• [What to work on] Output only the lines below from the one holding "Intex ha creato" down to the one holding "i visokog obrazovanja.", both end lines included and every picture dropped.

• [Data]
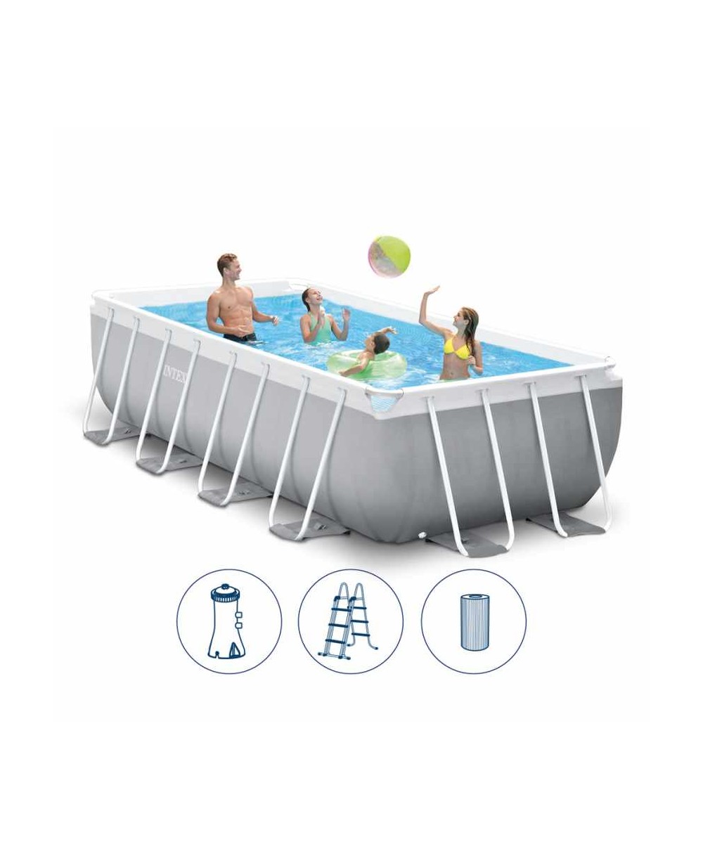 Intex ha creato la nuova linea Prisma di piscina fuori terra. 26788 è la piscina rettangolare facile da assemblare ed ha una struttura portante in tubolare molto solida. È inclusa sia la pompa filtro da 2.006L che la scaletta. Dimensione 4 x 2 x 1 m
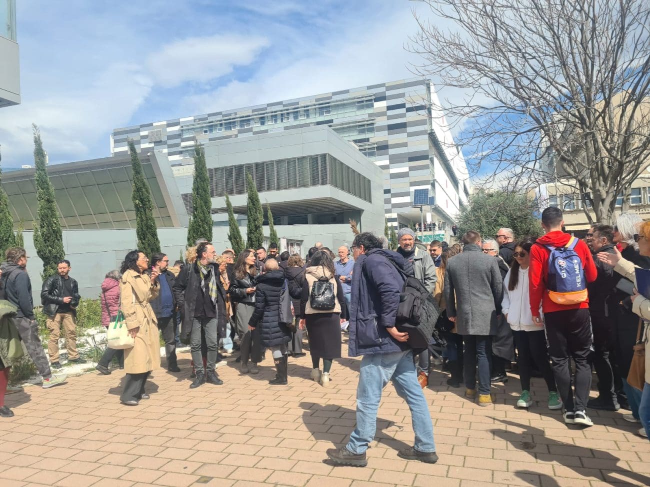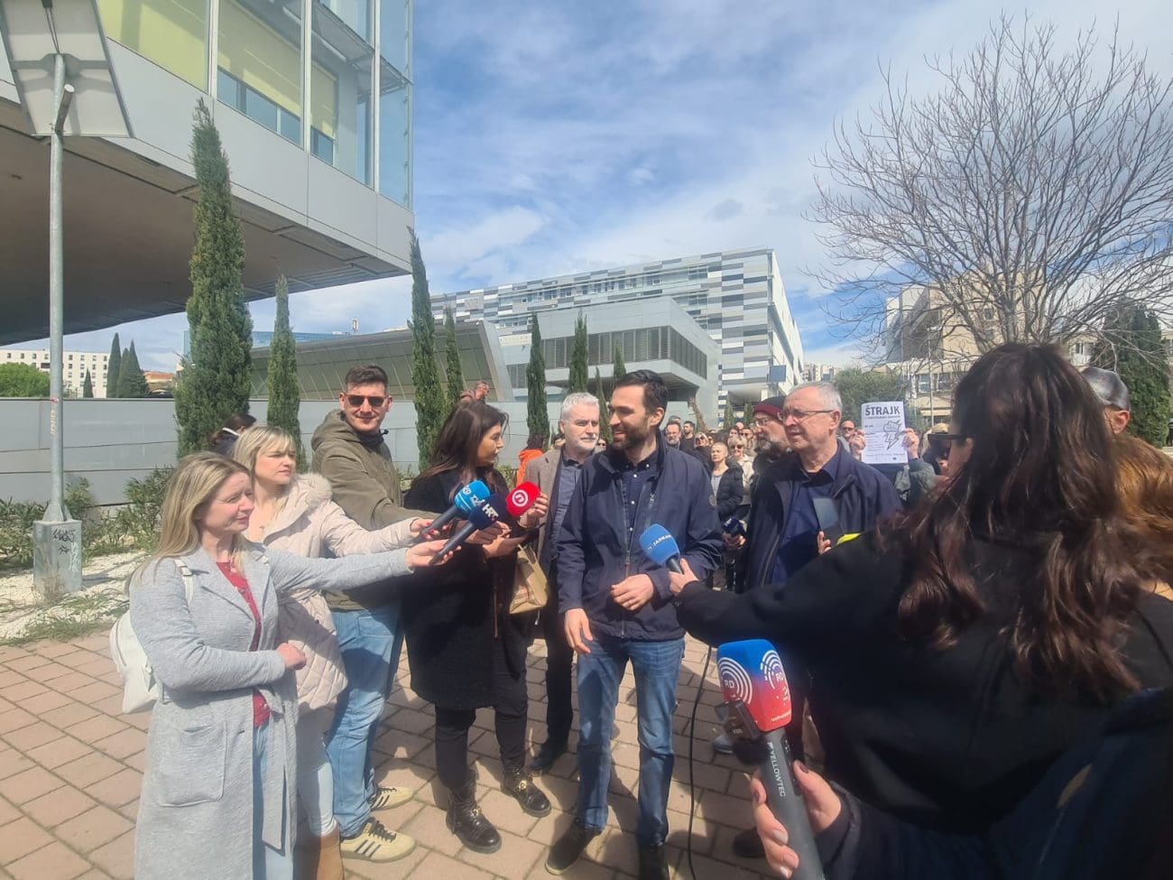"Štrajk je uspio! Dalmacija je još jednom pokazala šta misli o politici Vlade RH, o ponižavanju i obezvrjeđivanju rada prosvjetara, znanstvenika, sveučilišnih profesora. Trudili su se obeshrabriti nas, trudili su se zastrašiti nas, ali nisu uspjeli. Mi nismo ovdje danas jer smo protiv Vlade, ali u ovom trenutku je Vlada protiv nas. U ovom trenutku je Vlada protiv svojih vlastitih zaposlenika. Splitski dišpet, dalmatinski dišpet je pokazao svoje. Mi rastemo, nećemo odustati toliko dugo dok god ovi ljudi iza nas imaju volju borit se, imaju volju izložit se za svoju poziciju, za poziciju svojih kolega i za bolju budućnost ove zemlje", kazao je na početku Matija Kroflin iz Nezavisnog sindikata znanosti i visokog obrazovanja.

==

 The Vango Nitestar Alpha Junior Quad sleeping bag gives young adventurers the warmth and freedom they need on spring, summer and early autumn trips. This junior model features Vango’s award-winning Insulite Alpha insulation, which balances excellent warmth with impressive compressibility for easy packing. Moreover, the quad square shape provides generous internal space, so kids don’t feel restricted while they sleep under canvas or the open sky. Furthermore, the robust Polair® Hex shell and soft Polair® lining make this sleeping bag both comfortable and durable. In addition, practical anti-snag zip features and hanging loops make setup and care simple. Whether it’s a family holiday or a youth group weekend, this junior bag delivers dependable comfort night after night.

• [Your solution]
 Intex ha creato la nuova linea Prisma di piscina fuori terra. 26788 è la piscina rettangolare facile da assemblare ed ha una struttura portante in tubolare molto solida. È inclusa sia la pompa filtro da 2.006L che la scaletta. Dimensione 4 x 2 x 1 m
"Štrajk je uspio! Dalmacija je još jednom pokazala šta misli o politici Vlade RH, o ponižavanju i obezvrjeđivanju rada prosvjetara, znanstvenika, sveučilišnih profesora. Trudili su se obeshrabriti nas, trudili su se zastrašiti nas, ali nisu uspjeli. Mi nismo ovdje danas jer smo protiv Vlade, ali u ovom trenutku je Vlada protiv nas. U ovom trenutku je Vlada protiv svojih vlastitih zaposlenika. Splitski dišpet, dalmatinski dišpet je pokazao svoje. Mi rastemo, nećemo odustati toliko dugo dok god ovi ljudi iza nas imaju volju borit se, imaju volju izložit se za svoju poziciju, za poziciju svojih kolega i za bolju budućnost ove zemlje", kazao je na početku Matija Kroflin iz Nezavisnog sindikata znanosti i visokog obrazovanja.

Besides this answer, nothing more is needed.